第2話

私があの女ーー原田綾がユキ君に近づこうとしているのを知ったのは、同じクラスの友達の話からだった。


「昨日の音楽番組見た!?ユキ君めっちゃカッコよかったねー!!」

「え?何?ユキ?」

「もーユキ君だよ!こないだも教えたじゃーん」

「ごめん、あんまり興味湧かなくてさ」

「うそあのイケメン見て興味湧かないってどういうこと!?」

「ははは・・・・・・」


知らないフリをしているのはもちろん演技だ。

私はクラスでは「アイドルに興味がない女子生徒」として通ってる。そうでもしないときっとユキ君とのこと、隠せないと思っているから。

友達を騙していることに罪悪感がないわけじゃない。それでもやっぱり私はユキ君のことを一番考えないといけないと思ってる。

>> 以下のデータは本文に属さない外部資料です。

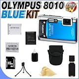 Olympus Stylus Tough-8010 14MP Digital Camera w/ 5x Optical Zoom (Blue) W/16GB SDHC Memory Card + Extended Life LI50B Battery + Deluxe Case w/Strap + USB Card Reader + Memory Card Wallet + Accessory Saver Bundle!This Kit Includes: 1-Olympus Stylus Tough-8010 14MP Digital Camera Digital Camera w/Supplied Manufacturer Accessories Brand New USA 1- 16GB SDHC Memory Card (Dont Miss a Memory!) 1- USB Memory Card Reader (Download Images Quicker!) 1- Lithium Ion Rechargeable LI50 Battery (Not Original Olympus) (Shoot Longer and Stronger!) 1- Padded Carrying Case w/Strap 1- Memory Card Wallet (Stay Organized!) 1- Pack of LCD Screen Protectors (Protect from Dust & Scratches!) 1- Lens/LCD Cleaning Kit 1- Mini Table Top Tripod More about this camera: The Olympus Stylus Tough-8010 is a compact 14-Megapixel digital camera with a 28mm 5x optical zoom lens designed for people with an active lifestyle. The camera is waterproof to 33' (10.06m), shockproof to 6.6' (2.01m), crushproof to 220 lbs of pressure, and freezeproof to 14°f (-10°c). This makes the camera perfect for beach going, swimming, skiing, climbing, hiking or any other outdoor activity, or tough environment. Setting the camera for the perfect photo is easy with scene modes that include Beach, Underwater Snapshot, Underwater Wide 1, Underwater Wide 2, Underwater Macro and Pets. Accessing the camera's controls is a snap with Tap Control. This is especially convenient underwater or while wearing gloves. Supplied Manufacturer Accessories in addition to mentioned above: Rechargeable Lithium ion Battery, USB/ AC Adapter, Cable, A/V Cable, Strap, 1 Year USA Warranty.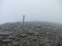 東屋で休憩してから1時間かけて到着した山頂は、見事にガスに巻かれた中にありました。 | |||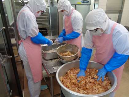 鶏のから揚げに薄力粉と片栗粉をつけています。

アイドルに彼女がいるなんて知られたら大炎上してしまうことは目に見えてる。

そんなリスクを冒してでも、ユキ君は私と付き合ってくれているんだから、私だってそんなユキ君の気持ちに全力で応えたい。


「そういやまたあいつユキ君のほう見てたでしょ?」

「え、またぁ!?こないだもなーんか妙な写真、インスタにあげてたよね?」

「もうあいつマジで何なの。ユキ君に近づこうとしてんの?」

「もう付き合ってたりしてんのかな」

「やだやめてよ!絶対ない!ないから!」



ユキ君、今頃何してるのかなーなんてぼんやりしていたら、聞き捨てならない会話が聞こえてきてしまった。


「ね、あいつって誰?」

「あいつだよあいつ!まーアンタはユキ君にも興味ないくらいだから、女アイドルなんてもっと知らないか」

「えー教えてよー」

「昨日の音楽番組に一緒に出てた女アイドルの」


ーー原田綾って子だよ。前からユキ君のこと狙ってるとか、なんならもう彼女だって噂があるんだよね。



この話を聞いても、動揺を見せずに「そうなんだー」と返せた私は、今からでも女優を目指せるんじゃないかと思った。


チャイムが鳴ってみんなが座席に戻っていく。

私も戻る。


「みなさん、おはようございます」

「おはようございまーす」


先生に挨拶を返しながら、私はこっそりスマホで「原田綾」を検索した。